Dahsha and Hayra (Utmost Astonishment and Amazement)
Every traveler journeying in valleys of love and zeal sometimes burns with the fire of love, and sometimes overflows with joy owing to the "wine of immortality" offered by the Beloved. While burning, the lover sighs: O Cupbearer, I have burned away. Give me some water! While looking attentively through the door of the Beloved left ajar, the lover entreats: I have dipped my finger into the honey of love. Give me some water!
Until the traveler is saved from worldly anxiety and considerations of distance or, in other words, until the traveler passes beyond the spheres of the manifestations of Names and Attributes and is honored with the manifestation of Divine Essence, he or she continues to travel between burning and entreating, and receiving his or her lot from the pure drink the Lord offers (76:21).

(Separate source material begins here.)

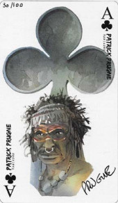 Commentaire : Carte à jouer numérotée et signée, faisant partie d'un ensemble de 78 cartes nommé "Carte Blanche - Deuxième donne". Ces cartes sont éditées à 100 exemplaires chacune, sont liées à un album précis et 1 carte supplémentaire est réservée aux abonnés à la collection. Ces cartes sont mises dans la catégorie Carte (et non Jeux) car reliées spécifiquement à un album dans lequel est inséré un certificat correspondant à la carte portant le même numéro.

The lover pursues more and more knowledge of God, for every new Divine gift increases his or her desire. As this desire increases, new gifts pour into the lover's heart. He or she embroiders the acquired knowledge of God with the feelings and thoughts traveling between his or her heart and things. Like a honeybee collecting nectar from flowers and thereby causing flowers to be the source of honey, the lover collects the nectar of knowledge of God from the manifestations of Divine Names and Attributes that open like flowers in the garden of the universe. He or she distills the collected nectar through the filter of his or her appreciative, grateful conscience, and feels as if his or her sight has reached the rays of the Attributes themselves. Then the dream of reaching the Divine Being comes, and the lover is stricken with the utmost astonishment.

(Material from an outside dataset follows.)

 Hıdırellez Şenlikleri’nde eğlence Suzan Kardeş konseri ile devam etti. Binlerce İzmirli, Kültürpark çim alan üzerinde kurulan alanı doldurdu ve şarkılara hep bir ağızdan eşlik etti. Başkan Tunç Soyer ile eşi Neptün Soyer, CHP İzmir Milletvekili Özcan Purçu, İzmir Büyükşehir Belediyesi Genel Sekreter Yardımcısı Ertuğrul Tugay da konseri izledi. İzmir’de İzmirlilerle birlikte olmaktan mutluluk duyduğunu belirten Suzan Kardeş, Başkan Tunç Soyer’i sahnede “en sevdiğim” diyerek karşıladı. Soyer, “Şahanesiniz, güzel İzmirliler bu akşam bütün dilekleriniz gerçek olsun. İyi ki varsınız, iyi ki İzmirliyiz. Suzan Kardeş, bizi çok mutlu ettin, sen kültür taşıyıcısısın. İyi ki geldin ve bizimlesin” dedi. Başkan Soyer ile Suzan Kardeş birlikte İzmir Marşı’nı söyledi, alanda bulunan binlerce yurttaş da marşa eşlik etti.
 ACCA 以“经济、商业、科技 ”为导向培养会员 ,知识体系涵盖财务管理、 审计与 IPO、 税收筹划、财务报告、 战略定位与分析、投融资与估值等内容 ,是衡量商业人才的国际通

The writer of Gulistan (The Rose Garden) expresses the traveler's feelings of astonishment and amazement while burning and drinking:
At times You show Your Beautiful Face,
But It is veiled without being completely seen,
Thus You incite us to compete to be able to see You
And increase our fire.
When I see unveiled the Beloved
With Whom I have fallen in love,
Something occurs to me
And I am bewildered on my way.
The Beloved lights a fire in my breast
And then puts it out with a drizzle.
That is why you find me burnt away
And drowned in an ocean.
Bursawi presents travelers as incessantly intoxicated:
All saintly ones are intoxicated with the pure water their Lord offers them (76:21);
Seven, five, and four are intoxicated With His Beautiful Face. [1]
If the traveler has not prepared his or her heart according to the requirements of the spiritual journey and the commandments of the Shari'a (that is, if one does not think and reason in the light of Prophethood while one's feelings fly in the boundless realm of the achieved spiritual state), he or she will inevitably fall, be confused and bewildered, and speak and act contrary to the spirit of Shari'a.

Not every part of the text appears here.